:: Task goal ::
Every word in the data below belongs in your copy, exactly as given; the pictures do not.

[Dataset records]
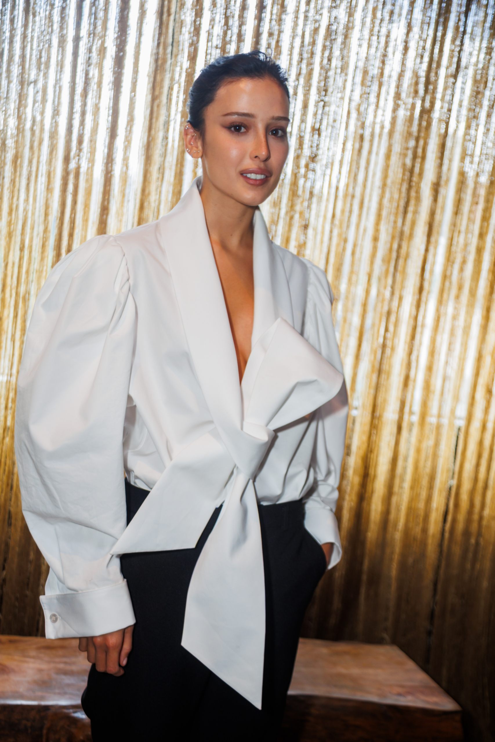 Entre os destaques, Sasha Meneghel antecipou uma peça inédita de sua marca, a Mondepars. O look, ainda não divulgado oficialmente, funciona como uma leitura precisa do momento em que criação e exposição se sobrepõem — e onde vestir é também comunicar posicionamento.
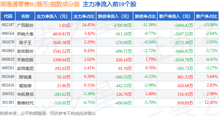 资金流向方面,深港通零售R(港币)(483074)指数成份股当日主力资金净流入合计8311.45万元,游资资金净流出合计6799.79万元,散户资金净流出合计1511.66万元。成份股资金流向详情见下表:
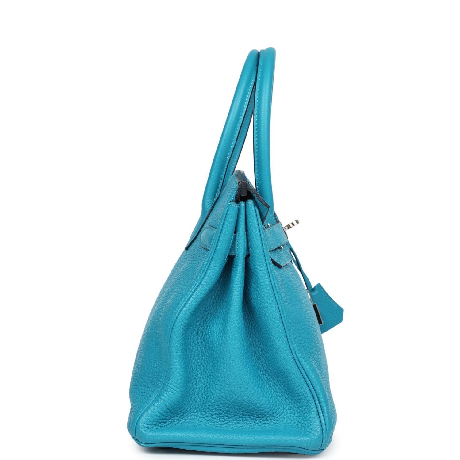 ThisBirkin is in Turquoise clemence leather with palladium hardware, and has tonal stitching, front flap with two straps, front toggle closure, clochette with lock and two keys, and double rolled handles.
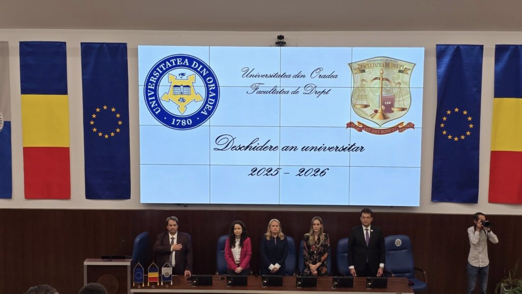 Facultatea de Drept a Universității din Oradea și-a deschis oficial, marți, porțile pentru studenții de la specializările Drept și Administrație publică. Evenimentul a avut loc în Aula Magna, plină până la refuz, cu toate locurile ocupate.
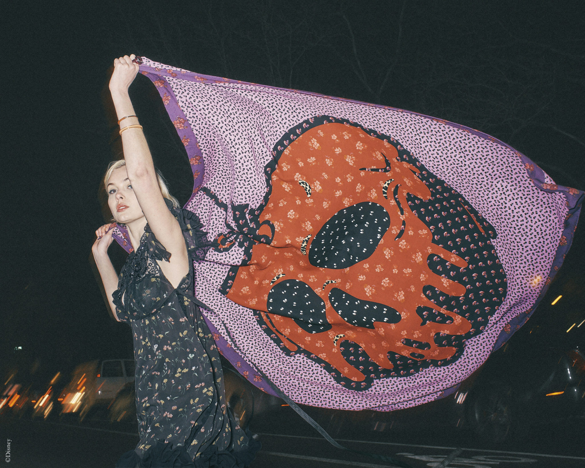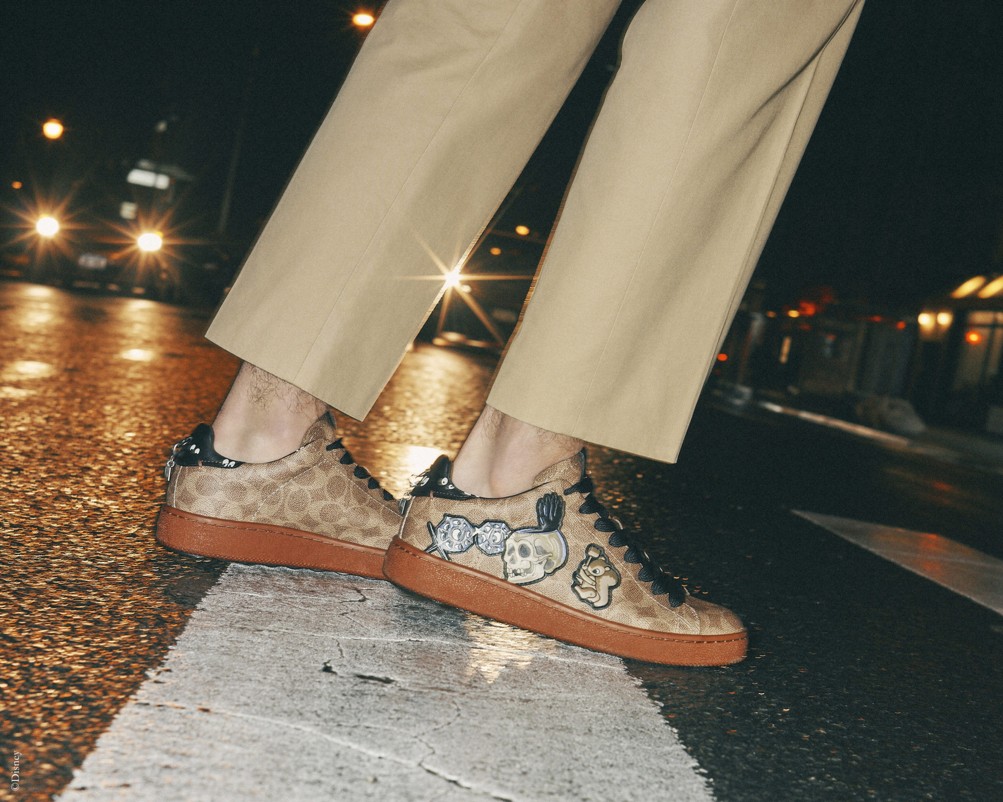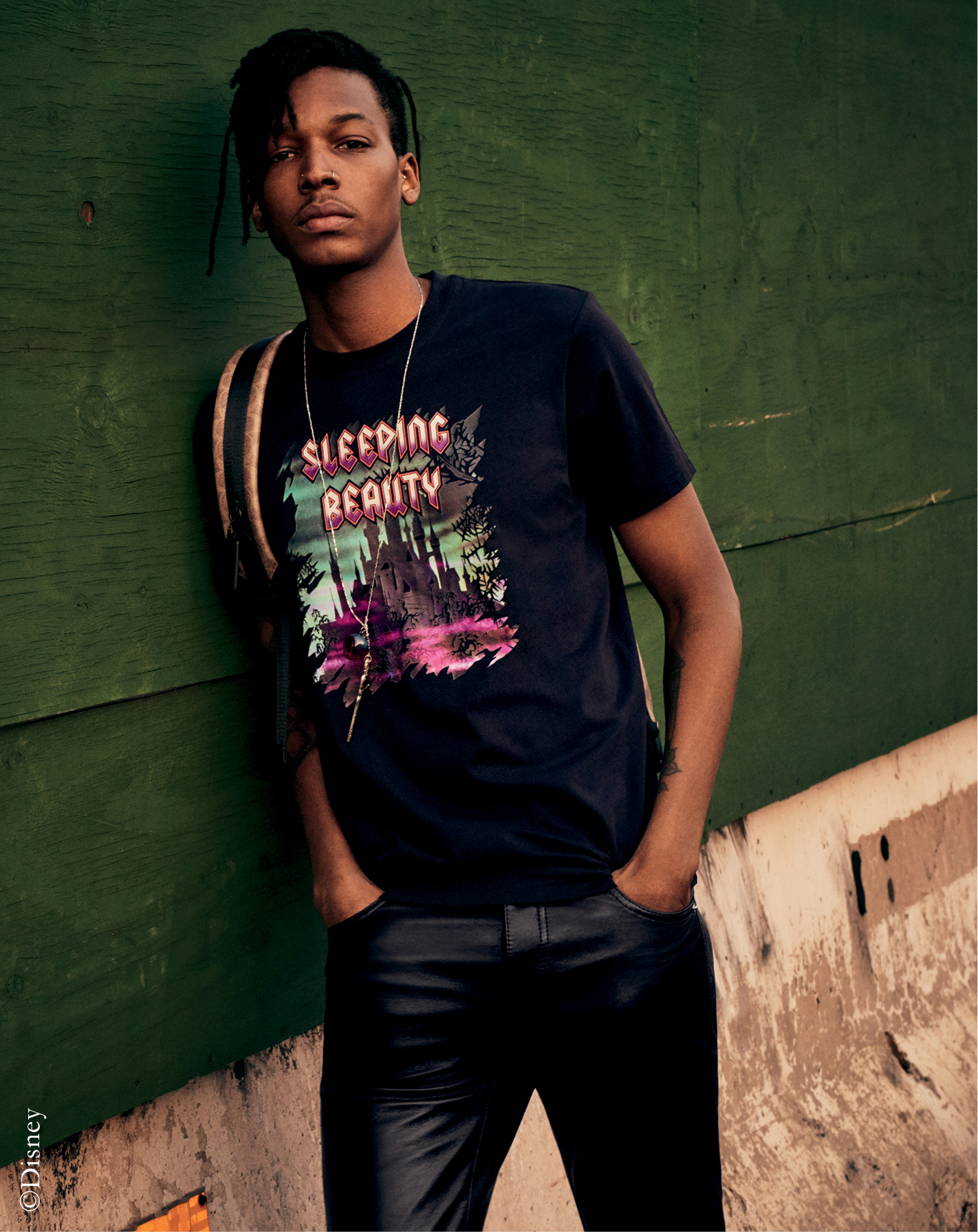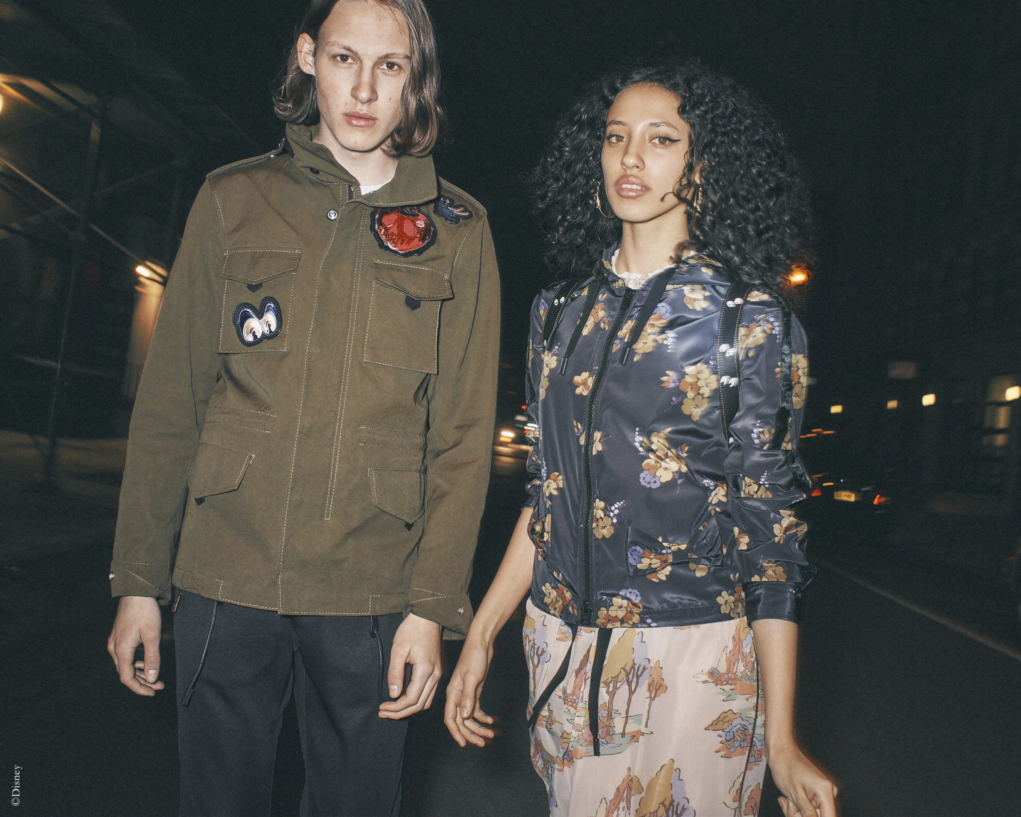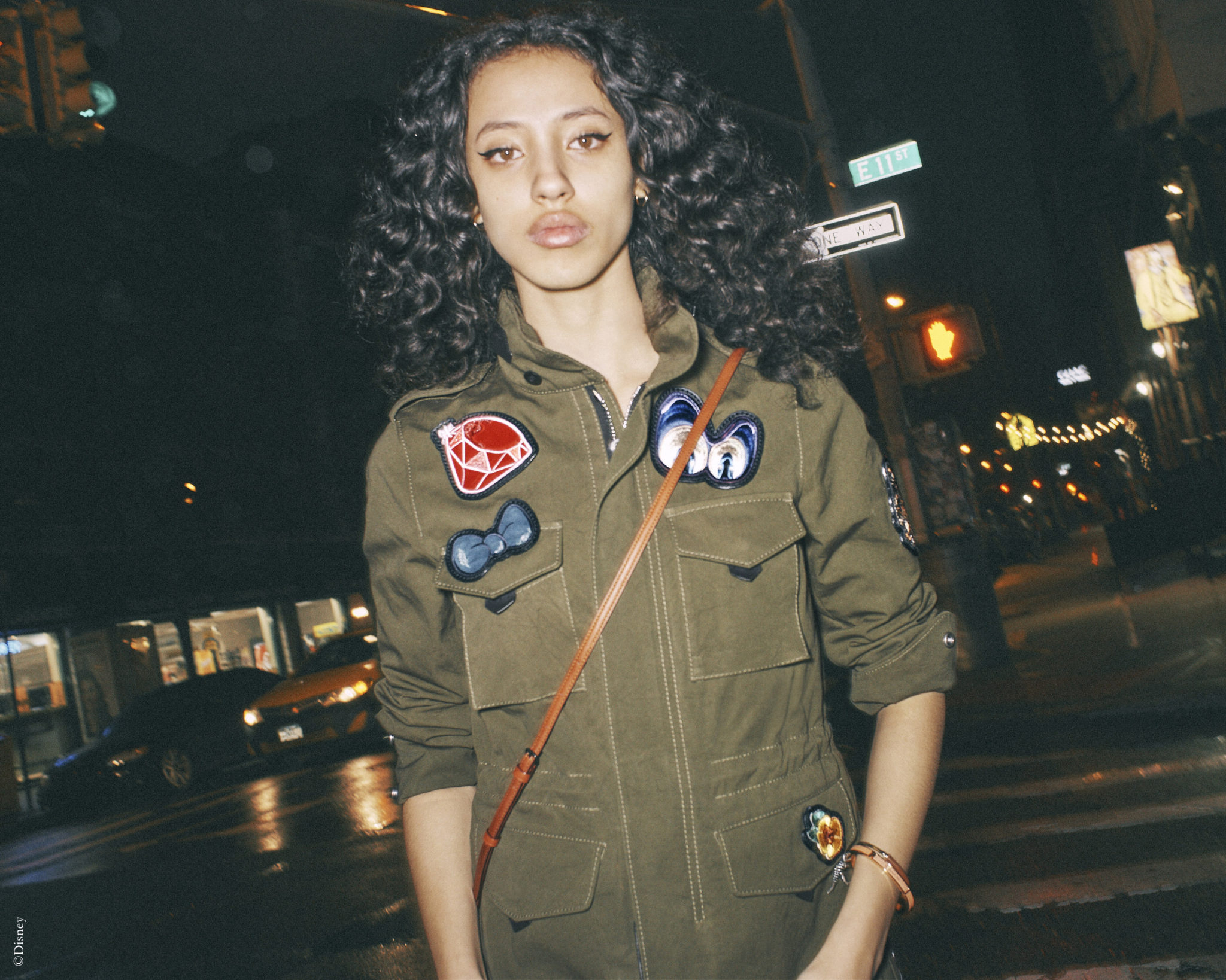 La collection recrée des motifs de Blanche Neige et les Sept Nains et de la Belle au Bois Dormant—des silhouettes inquiétantes de châteaux, des pommes empoisonnées et des créatures des bois aux yeux écarquillés—‘en mode épouvante’. Des T-shirts à police rock’n’roll et couleurs rétro sont portés avec des blousons de motard, et on aperçoit l’imprimé signature de Coach réécrit en juxtaposition avec des éléments graphiques pour un résultat résolument nouveau. On note aussi le sportswear américain de Coach : des sweats à capuche en jersey, des baskets et des sacs banane décorés d’écussons et autres détails Disney. Un écusson spécial a également été créé pour mettre à l’honneur les conteurs de Disney et les artisans de Coach.
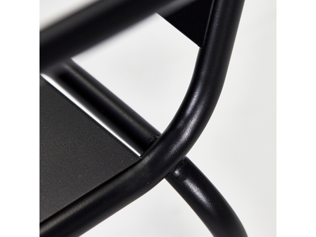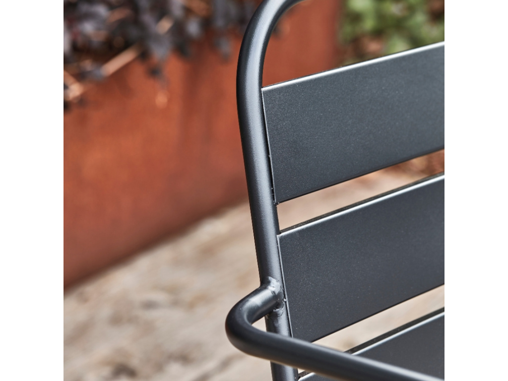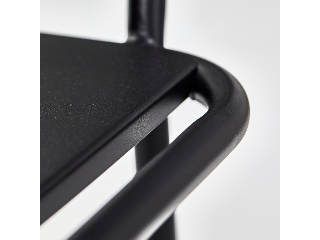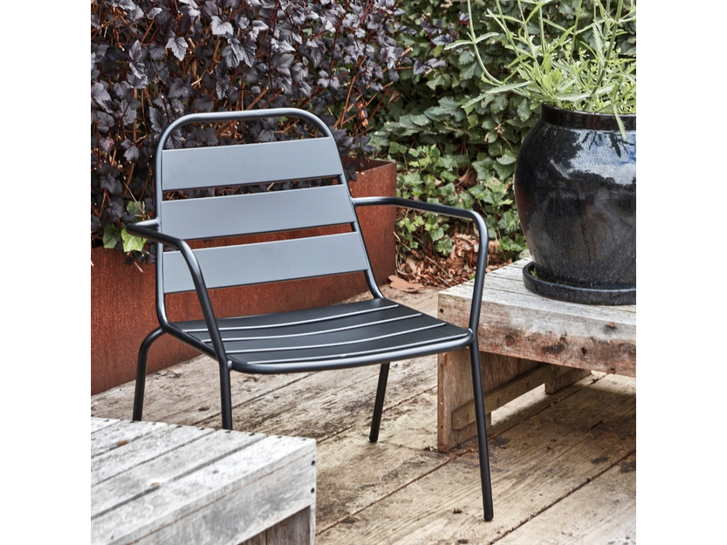 Stylová zahradní židle Helo od značky House Doctor je inspirována vkusným a subtilním skandinávským designem. Její elegantní zaoblené linie, hladký povrch v matně černém laku a pohodlné područky utváří nadčasovou židli, která se navíc velice snadno udržuje a je stohovatelná.

:: Problem solution ::
 Entre os destaques, Sasha Meneghel antecipou uma peça inédita de sua marca, a Mondepars. O look, ainda não divulgado oficialmente, funciona como uma leitura precisa do momento em que criação e exposição se sobrepõem — e onde vestir é também comunicar posicionamento.
 资金流向方面,深港通零售R(港币)(483074)指数成份股当日主力资金净流入合计8311.45万元,游资资金净流出合计6799.79万元,散户资金净流出合计1511.66万元。成份股资金流向详情见下表:
 ThisBirkin is in Turquoise clemence leather with palladium hardware, and has tonal stitching, front flap with two straps, front toggle closure, clochette with lock and two keys, and double rolled handles.
 Facultatea de Drept a Universității din Oradea și-a deschis oficial, marți, porțile pentru studenții de la specializările Drept și Administrație publică. Evenimentul a avut loc în Aula Magna, plină până la refuz, cu toate locurile ocupate.
 La collection recrée des motifs de Blanche Neige et les Sept Nains et de la Belle au Bois Dormant—des silhouettes inquiétantes de châteaux, des pommes empoisonnées et des créatures des bois aux yeux écarquillés—‘en mode épouvante’. Des T-shirts à police rock’n’roll et couleurs rétro sont portés avec des blousons de motard, et on aperçoit l’imprimé signature de Coach réécrit en juxtaposition avec des éléments graphiques pour un résultat résolument nouveau. On note aussi le sportswear américain de Coach : des sweats à capuche en jersey, des baskets et des sacs banane décorés d’écussons et autres détails Disney. Un écusson spécial a également été créé pour mettre à l’honneur les conteurs de Disney et les artisans de Coach.
 Stylová zahradní židle Helo od značky House Doctor je inspirována vkusným a subtilním skandinávským designem. Její elegantní zaoblené linie, hladký povrch v matně černém laku a pohodlné područky utváří nadčasovou židli, která se navíc velice snadno udržuje a je stohovatelná.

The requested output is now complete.